● **EXERCISE**: The required output is the exact run of lines below that opens at the line with "Nimapada (38 km)" and closes at the line with "Head to your".

● **DATA FOR THE TASK**:
--- START ---
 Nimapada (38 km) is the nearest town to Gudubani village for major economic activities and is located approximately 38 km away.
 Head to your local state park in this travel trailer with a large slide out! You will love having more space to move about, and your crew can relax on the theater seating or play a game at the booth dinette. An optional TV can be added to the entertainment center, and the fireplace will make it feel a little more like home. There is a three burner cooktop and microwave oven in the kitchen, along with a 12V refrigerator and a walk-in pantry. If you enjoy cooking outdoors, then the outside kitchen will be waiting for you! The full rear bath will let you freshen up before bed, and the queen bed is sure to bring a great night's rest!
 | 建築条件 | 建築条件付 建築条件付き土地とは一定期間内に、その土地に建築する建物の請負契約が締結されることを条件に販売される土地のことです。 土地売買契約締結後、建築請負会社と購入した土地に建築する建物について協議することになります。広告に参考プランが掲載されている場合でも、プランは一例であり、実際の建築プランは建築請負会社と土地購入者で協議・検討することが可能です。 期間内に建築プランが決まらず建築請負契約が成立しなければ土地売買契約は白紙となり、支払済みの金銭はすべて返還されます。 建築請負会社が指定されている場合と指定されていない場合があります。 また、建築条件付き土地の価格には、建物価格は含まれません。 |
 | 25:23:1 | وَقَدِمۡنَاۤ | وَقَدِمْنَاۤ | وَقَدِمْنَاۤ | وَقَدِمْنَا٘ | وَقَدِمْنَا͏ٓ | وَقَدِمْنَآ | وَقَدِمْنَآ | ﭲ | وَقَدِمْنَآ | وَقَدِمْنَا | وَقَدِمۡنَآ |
--- END ---
--- START ---
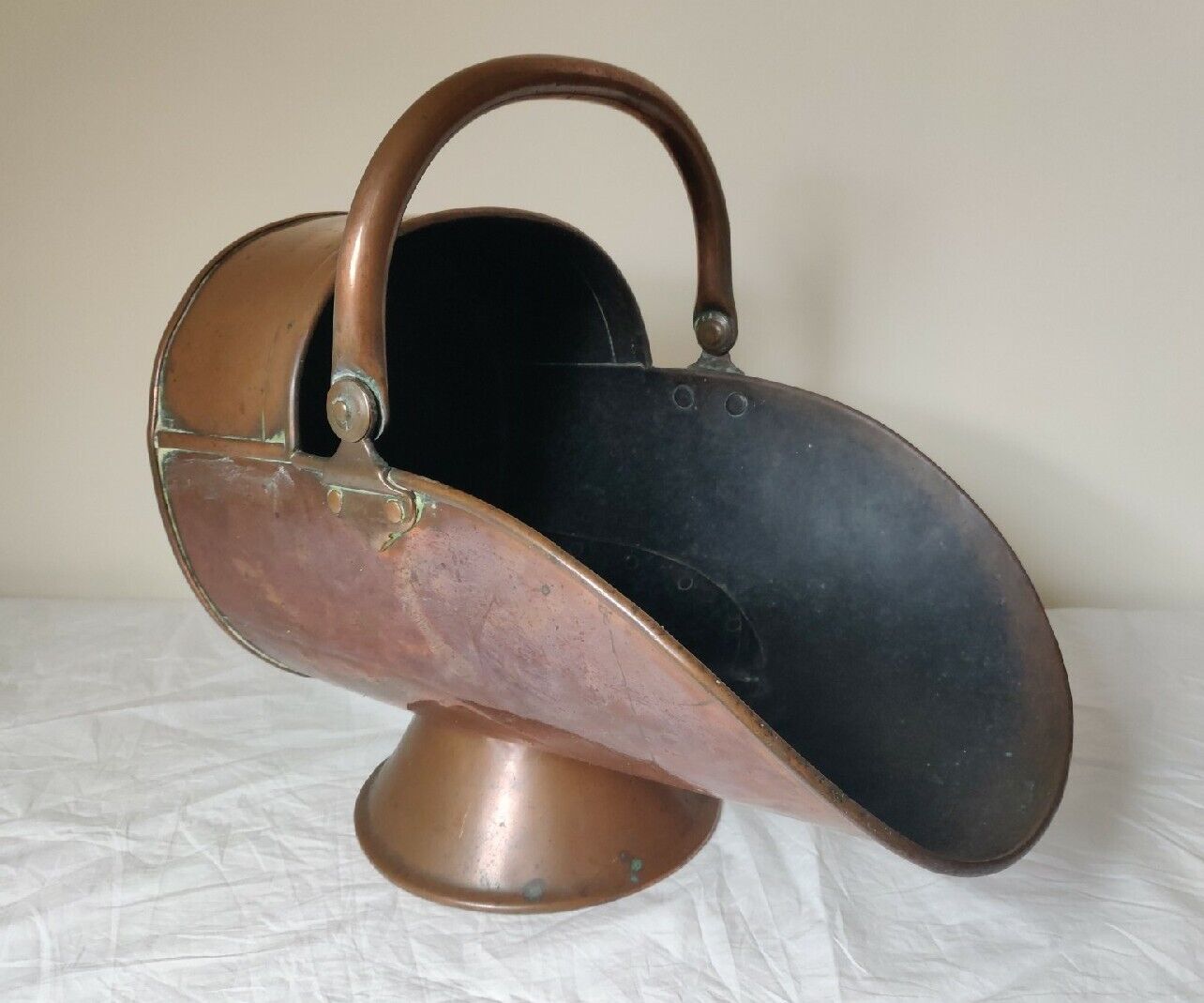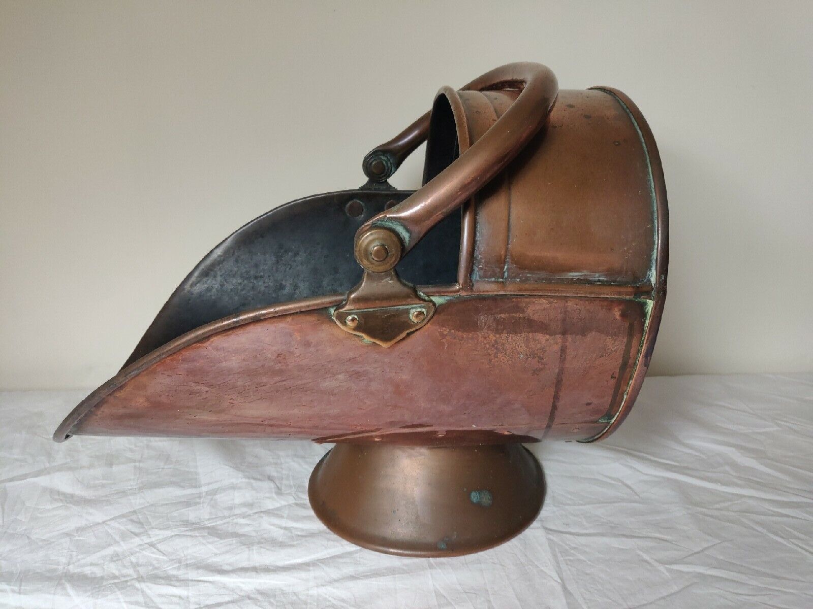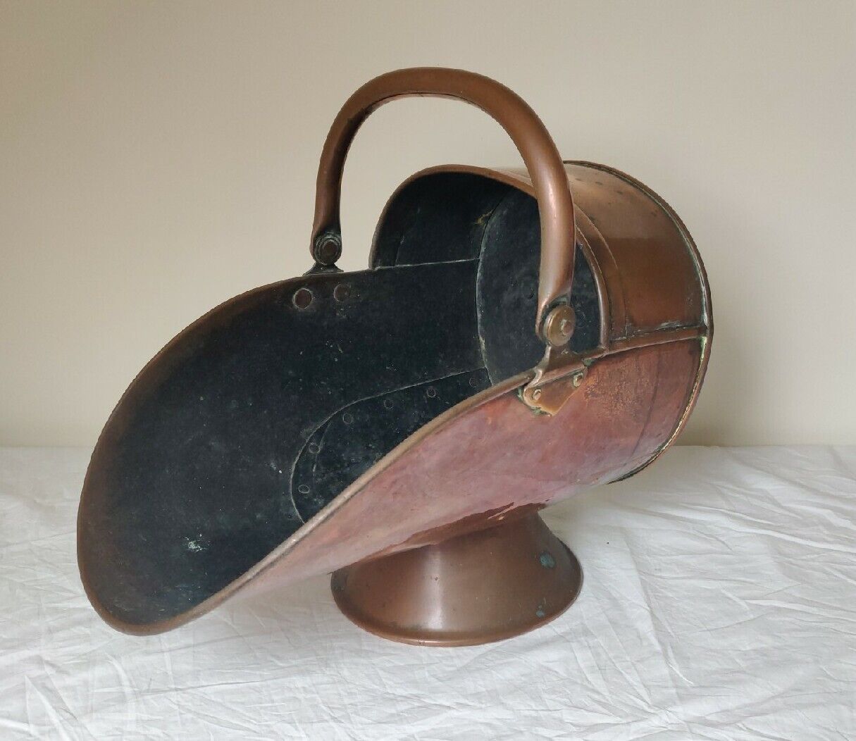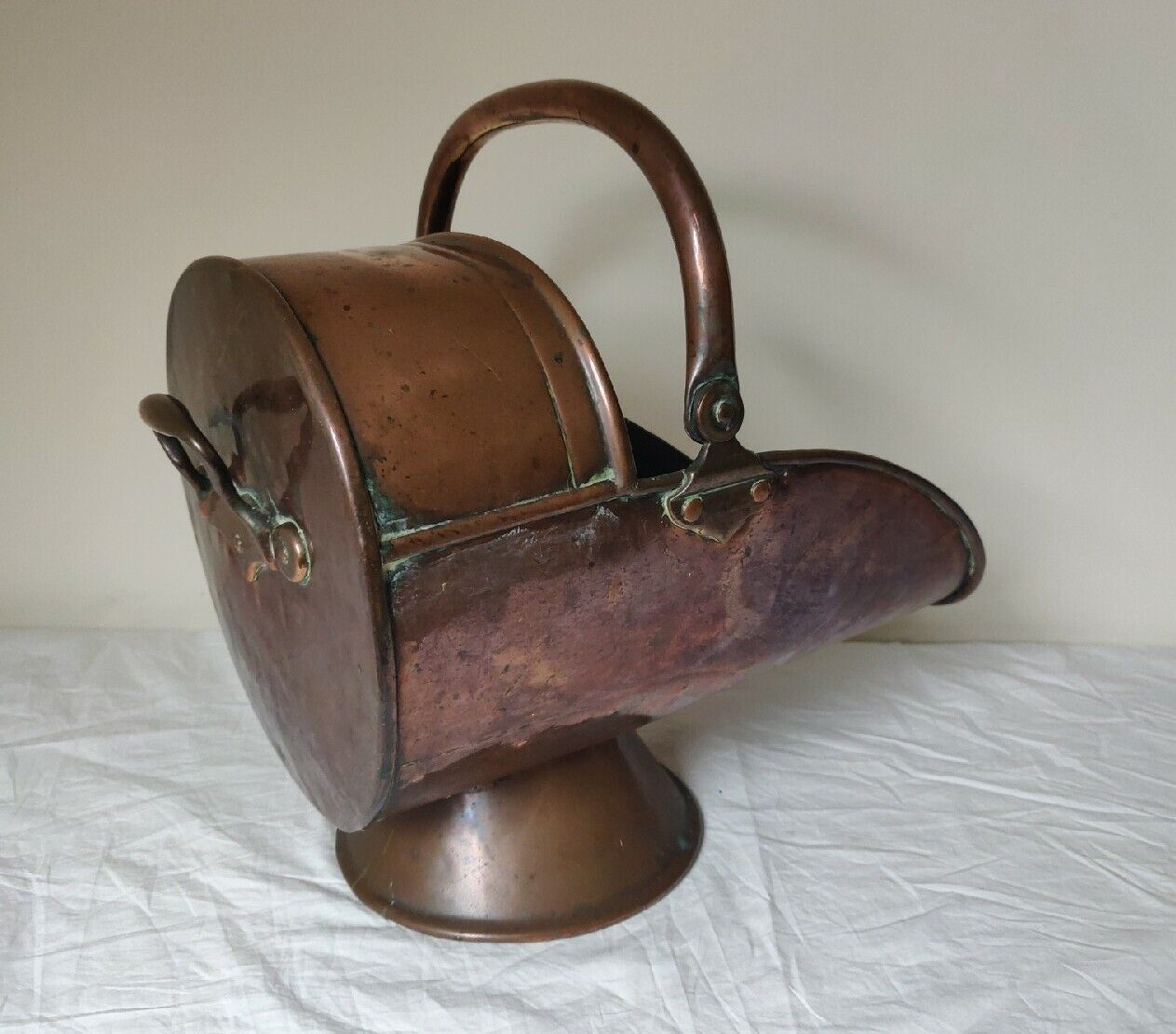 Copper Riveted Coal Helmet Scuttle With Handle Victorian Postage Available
--- END ---
--- START ---
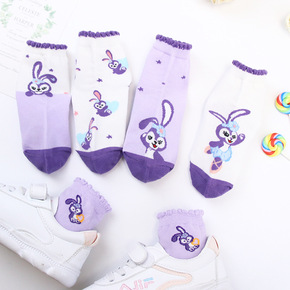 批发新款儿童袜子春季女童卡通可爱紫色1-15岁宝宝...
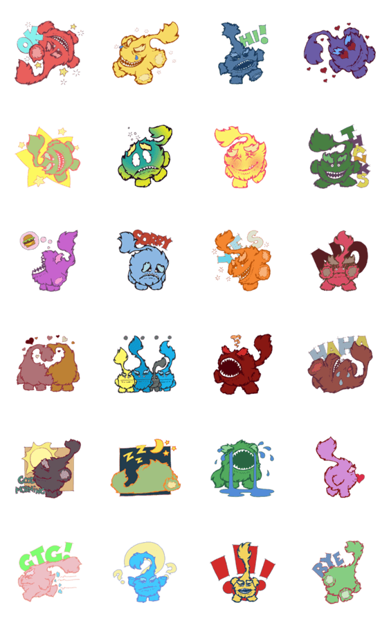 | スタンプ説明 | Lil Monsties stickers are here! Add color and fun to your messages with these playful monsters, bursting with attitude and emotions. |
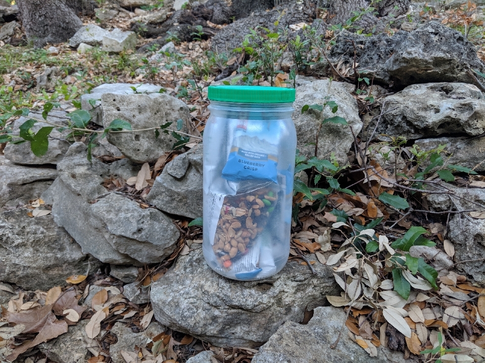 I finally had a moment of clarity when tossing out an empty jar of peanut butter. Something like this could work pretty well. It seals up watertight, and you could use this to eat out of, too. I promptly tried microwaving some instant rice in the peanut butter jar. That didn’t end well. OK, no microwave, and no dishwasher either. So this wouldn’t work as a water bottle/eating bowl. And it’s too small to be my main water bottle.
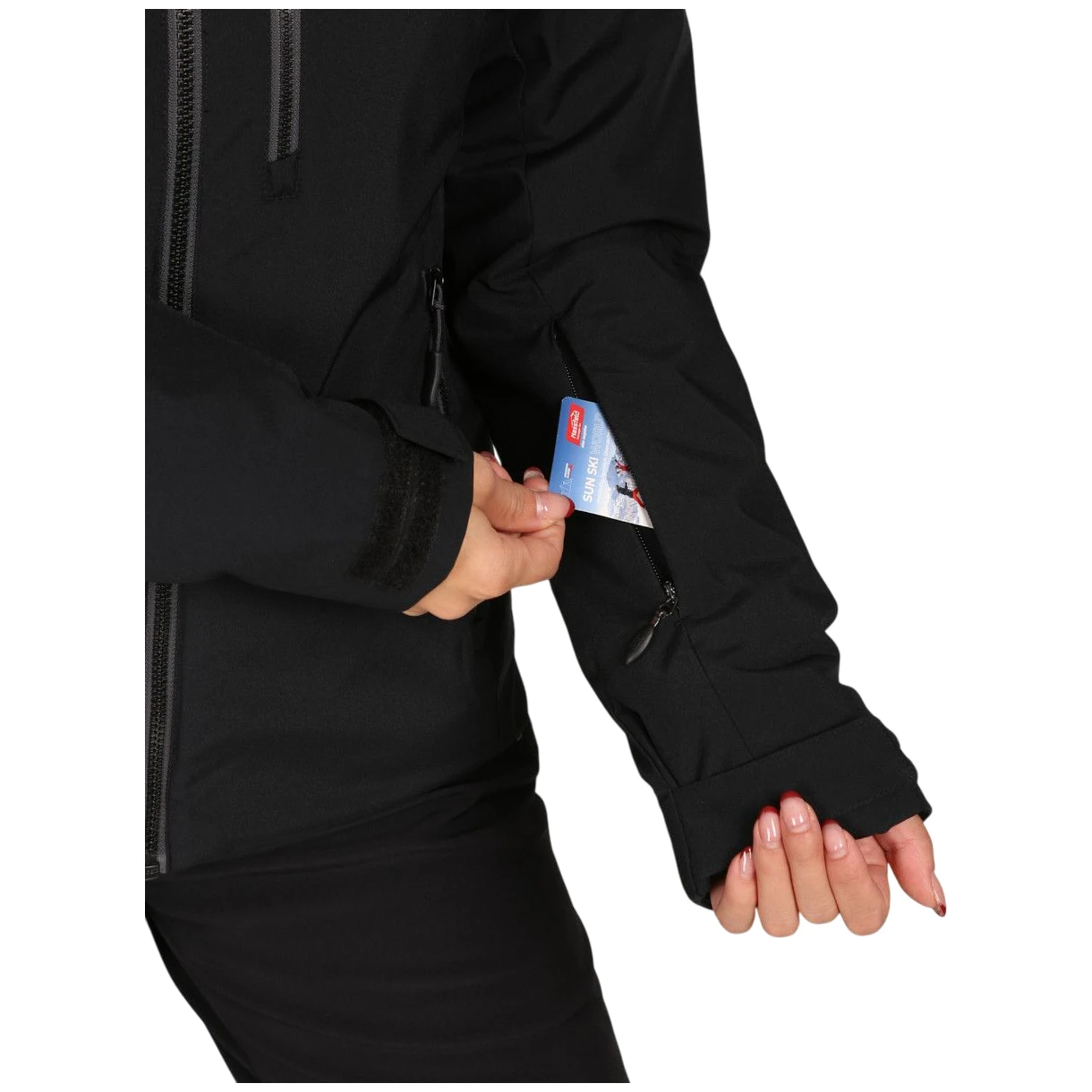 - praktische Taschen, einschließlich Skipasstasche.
--- END ---
● **ANSWER FOR THE TASK**:
 Nimapada (38 km) is the nearest town to Gudubani village for major economic activities and is located approximately 38 km away.
 Head to your local state park in this travel trailer with a large slide out! You will love having more space to move about, and your crew can relax on the theater seating or play a game at the booth dinette. An optional TV can be added to the entertainment center, and the fireplace will make it feel a little more like home. There is a three burner cooktop and microwave oven in the kitchen, along with a 12V refrigerator and a walk-in pantry. If you enjoy cooking outdoors, then the outside kitchen will be waiting for you! The full rear bath will let you freshen up before bed, and the queen bed is sure to bring a great night's rest!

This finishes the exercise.